It is also associated with a higher rate of complications than in fusions that did not use BMP, and greater hospital charges for all categories of spinal fusions, according to a report in the July 1 issue of JAMA.
Back pain continues to be a leading cause of disability in the United States and is one of the most common reasons for seeking evaluation by a physician, second only to the common cold. "Nonsurgical interventions remain the first-line of therapy; however, many patients eventually progress to surgical treatments with 1 option including fusion. Spinal arthrodesis (fusion) as a treatment for back pain has rapidly evolved with the development of advanced spinal instrumentation and biologics to promote bony fusion," the authors write.
According to background information in the article, BMPs promote bone creation and remodeling and clinical use of recombinant BMP protein was approved by the U.S. Food and Drug Administration (FDA) in 2002 for surgery of the anterior lumbar spine to promote bone fusion. The current rates and patterns of BMP use since the clinical introduction more than 5 years ago are not known at the national level and no population-based data are available. Likewise, the complication rates and financial impact associated with national BMP usage have not been evaluated.
Kevin S. Cahill, M.D., Ph.D., M.P.H., of Brigham and Women's Hospital, Boston, and colleagues examined the national trends in the adaptation of BMP into clinical practice since 2002 and the association between BMP use and postoperative complications, length of stay and hospital charges. The analysis included data on 328,468 patients who underwent spinal fusion procedures from 2002-2006, identified from the Nationwide Inpatient Sample database, a 20 percent sample of U.S. community hospitals.

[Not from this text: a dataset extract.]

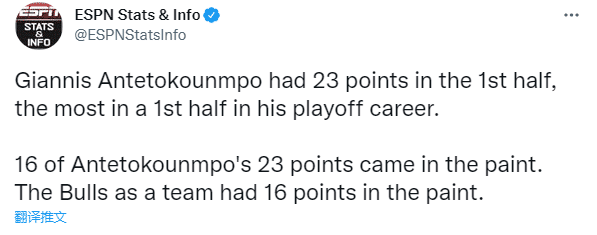 字母哥上半场23分创生涯季后赛上半场最高得分,23分中有16分来自禁区,与公牛全队禁区得分持平。

The researchers found that when comparing immediate postoperative, in-hospital rates of complications for the year 2006 among patients undergoing spinal fusion by BMP use status, no differences were seen for lumbar, thoracic, or posterior cervical procedures. After additional analysis, the use of BMP in anterior cervical fusion procedures was associated with a higher rate of complication occurrence (7.09 percent with BMP vs. 4.68 percent without BMP) with the primary increases seen in wound-related complications (1.22 percent with BMP vs. 0.65 percent without BMP) and dysphagia (difficulty in swallowing) or hoarseness (4.35 percent with BMP vs. 2.45 percent without BMP). BMP use was associated with greater inpatient hospital charges across all categories of fusion. Increases between 11 percent and 41 percent of total hospital charges were reported, with the greatest percentage increase seen for anterior cervical fusion.
Results from the study also indicated that nationwide usage of BMP has increased from 0.69 percent of all fusions in 2002 to 24.89 percent of all fusions in 2006. Use of BMP varied by patient sex, race, and primary payer with increased use seen in women, Medicare patients and decreased use in nonwhite patients.
"In conclusion, this report highlights the robust nationwide application of BMP in spinal fusion procedures in the first 5 years of clinical usage since FDA approval. The effects on complication occurrence in anterior cervical fusion, as well as the increases in length of stay and hospital charges illustrate the need to continue to develop refined guidelines for usage and to further study the long-term risks and benefits of usage," the authors conclude.